Records excerpted from a collection:

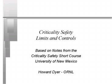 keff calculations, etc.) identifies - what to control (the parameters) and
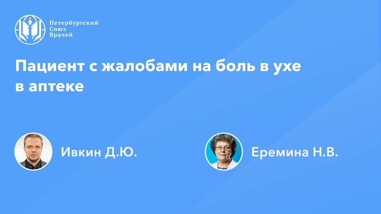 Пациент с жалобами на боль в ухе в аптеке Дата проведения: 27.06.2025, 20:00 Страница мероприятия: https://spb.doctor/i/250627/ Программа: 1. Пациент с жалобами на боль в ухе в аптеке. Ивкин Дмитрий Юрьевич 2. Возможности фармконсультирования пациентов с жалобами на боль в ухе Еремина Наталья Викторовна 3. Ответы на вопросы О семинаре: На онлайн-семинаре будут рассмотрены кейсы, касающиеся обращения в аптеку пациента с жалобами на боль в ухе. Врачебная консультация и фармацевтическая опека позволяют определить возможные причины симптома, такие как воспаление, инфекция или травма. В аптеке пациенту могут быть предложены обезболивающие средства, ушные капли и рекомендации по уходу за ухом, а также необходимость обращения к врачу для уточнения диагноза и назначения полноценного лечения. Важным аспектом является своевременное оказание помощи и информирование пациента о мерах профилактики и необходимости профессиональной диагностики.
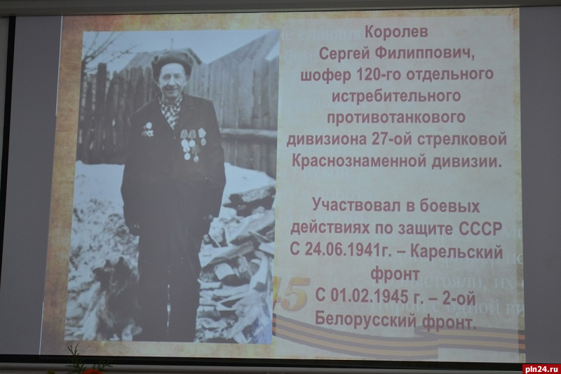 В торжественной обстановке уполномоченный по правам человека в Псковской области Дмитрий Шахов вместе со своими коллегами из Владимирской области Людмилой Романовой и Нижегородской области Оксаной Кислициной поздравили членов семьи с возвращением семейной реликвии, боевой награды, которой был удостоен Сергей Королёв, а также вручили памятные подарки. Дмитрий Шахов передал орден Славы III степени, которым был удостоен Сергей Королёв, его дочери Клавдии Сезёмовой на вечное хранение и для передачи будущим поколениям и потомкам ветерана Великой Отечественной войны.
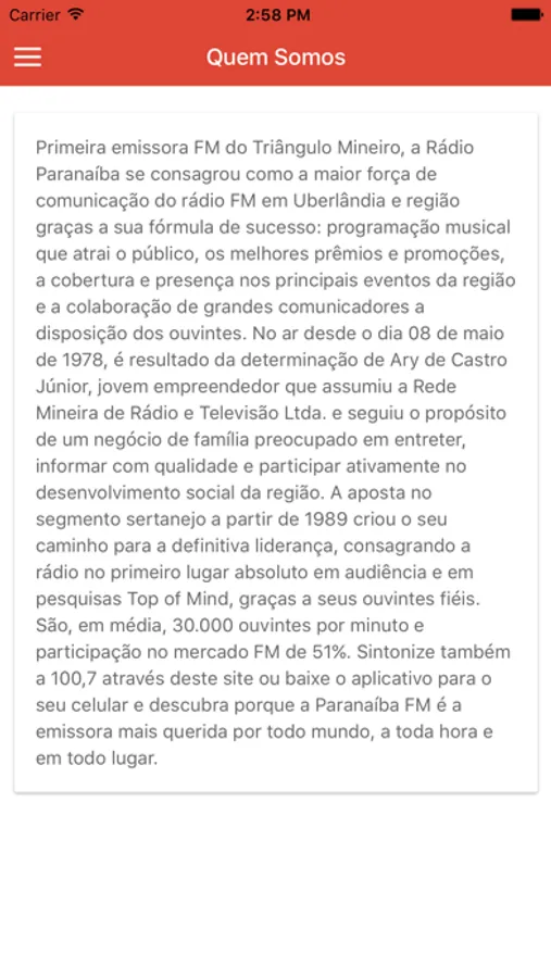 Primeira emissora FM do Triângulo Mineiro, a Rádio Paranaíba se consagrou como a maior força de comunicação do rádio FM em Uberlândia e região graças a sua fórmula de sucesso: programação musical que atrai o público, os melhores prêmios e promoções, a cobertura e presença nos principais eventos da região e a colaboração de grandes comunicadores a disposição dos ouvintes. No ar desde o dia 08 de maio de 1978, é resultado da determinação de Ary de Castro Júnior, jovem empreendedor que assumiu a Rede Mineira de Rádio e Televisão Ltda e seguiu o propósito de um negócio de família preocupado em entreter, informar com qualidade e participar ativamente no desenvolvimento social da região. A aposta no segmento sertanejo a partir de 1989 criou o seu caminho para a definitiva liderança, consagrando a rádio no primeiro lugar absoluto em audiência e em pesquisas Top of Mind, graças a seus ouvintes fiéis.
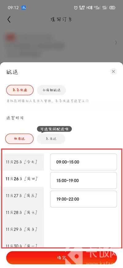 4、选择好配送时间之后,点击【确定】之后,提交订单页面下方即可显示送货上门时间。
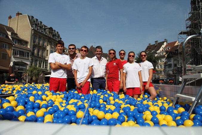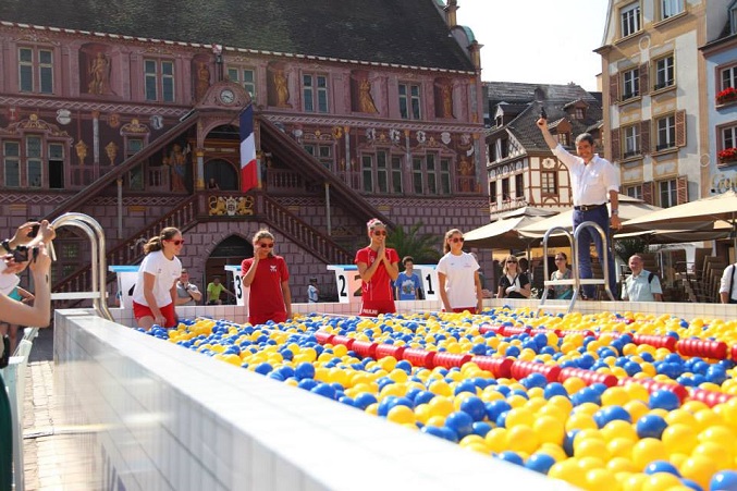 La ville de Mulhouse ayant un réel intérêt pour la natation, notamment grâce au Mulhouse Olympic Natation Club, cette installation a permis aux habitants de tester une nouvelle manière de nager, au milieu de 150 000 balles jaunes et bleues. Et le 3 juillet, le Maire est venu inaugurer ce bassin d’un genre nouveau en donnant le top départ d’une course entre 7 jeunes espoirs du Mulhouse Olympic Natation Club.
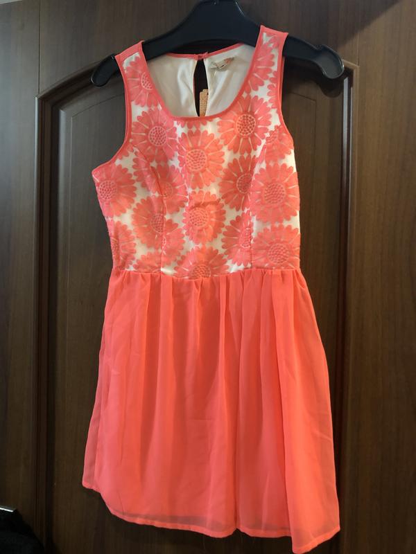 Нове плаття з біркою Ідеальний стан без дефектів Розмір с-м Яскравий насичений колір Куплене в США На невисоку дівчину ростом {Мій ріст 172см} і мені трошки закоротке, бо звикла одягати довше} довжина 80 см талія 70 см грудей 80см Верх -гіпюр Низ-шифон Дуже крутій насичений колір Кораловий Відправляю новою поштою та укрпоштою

-- WHAT TO PRODUCE --
Reproduce all of the data exactly; the pictures do not belong in the copy.

-- SOLUTION --
 keff calculations, etc.) identifies - what to control (the parameters) and
 Пациент с жалобами на боль в ухе в аптеке Дата проведения: 27.06.2025, 20:00 Страница мероприятия: https://spb.doctor/i/250627/ Программа: 1. Пациент с жалобами на боль в ухе в аптеке. Ивкин Дмитрий Юрьевич 2. Возможности фармконсультирования пациентов с жалобами на боль в ухе Еремина Наталья Викторовна 3. Ответы на вопросы О семинаре: На онлайн-семинаре будут рассмотрены кейсы, касающиеся обращения в аптеку пациента с жалобами на боль в ухе. Врачебная консультация и фармацевтическая опека позволяют определить возможные причины симптома, такие как воспаление, инфекция или травма. В аптеке пациенту могут быть предложены обезболивающие средства, ушные капли и рекомендации по уходу за ухом, а также необходимость обращения к врачу для уточнения диагноза и назначения полноценного лечения. Важным аспектом является своевременное оказание помощи и информирование пациента о мерах профилактики и необходимости профессиональной диагностики.
 В торжественной обстановке уполномоченный по правам человека в Псковской области Дмитрий Шахов вместе со своими коллегами из Владимирской области Людмилой Романовой и Нижегородской области Оксаной Кислициной поздравили членов семьи с возвращением семейной реликвии, боевой награды, которой был удостоен Сергей Королёв, а также вручили памятные подарки. Дмитрий Шахов передал орден Славы III степени, которым был удостоен Сергей Королёв, его дочери Клавдии Сезёмовой на вечное хранение и для передачи будущим поколениям и потомкам ветерана Великой Отечественной войны.
 Primeira emissora FM do Triângulo Mineiro, a Rádio Paranaíba se consagrou como a maior força de comunicação do rádio FM em Uberlândia e região graças a sua fórmula de sucesso: programação musical que atrai o público, os melhores prêmios e promoções, a cobertura e presença nos principais eventos da região e a colaboração de grandes comunicadores a disposição dos ouvintes. No ar desde o dia 08 de maio de 1978, é resultado da determinação de Ary de Castro Júnior, jovem empreendedor que assumiu a Rede Mineira de Rádio e Televisão Ltda e seguiu o propósito de um negócio de família preocupado em entreter, informar com qualidade e participar ativamente no desenvolvimento social da região. A aposta no segmento sertanejo a partir de 1989 criou o seu caminho para a definitiva liderança, consagrando a rádio no primeiro lugar absoluto em audiência e em pesquisas Top of Mind, graças a seus ouvintes fiéis.
 4、选择好配送时间之后,点击【确定】之后,提交订单页面下方即可显示送货上门时间。
 La ville de Mulhouse ayant un réel intérêt pour la natation, notamment grâce au Mulhouse Olympic Natation Club, cette installation a permis aux habitants de tester une nouvelle manière de nager, au milieu de 150 000 balles jaunes et bleues. Et le 3 juillet, le Maire est venu inaugurer ce bassin d’un genre nouveau en donnant le top départ d’une course entre 7 jeunes espoirs du Mulhouse Olympic Natation Club.
 Нове плаття з біркою Ідеальний стан без дефектів Розмір с-м Яскравий насичений колір Куплене в США На невисоку дівчину ростом {Мій ріст 172см} і мені трошки закоротке, бо звикла одягати довше} довжина 80 см талія 70 см грудей 80см Верх -гіпюр Низ-шифон Дуже крутій насичений колір Кораловий Відправляю новою поштою та укрпоштою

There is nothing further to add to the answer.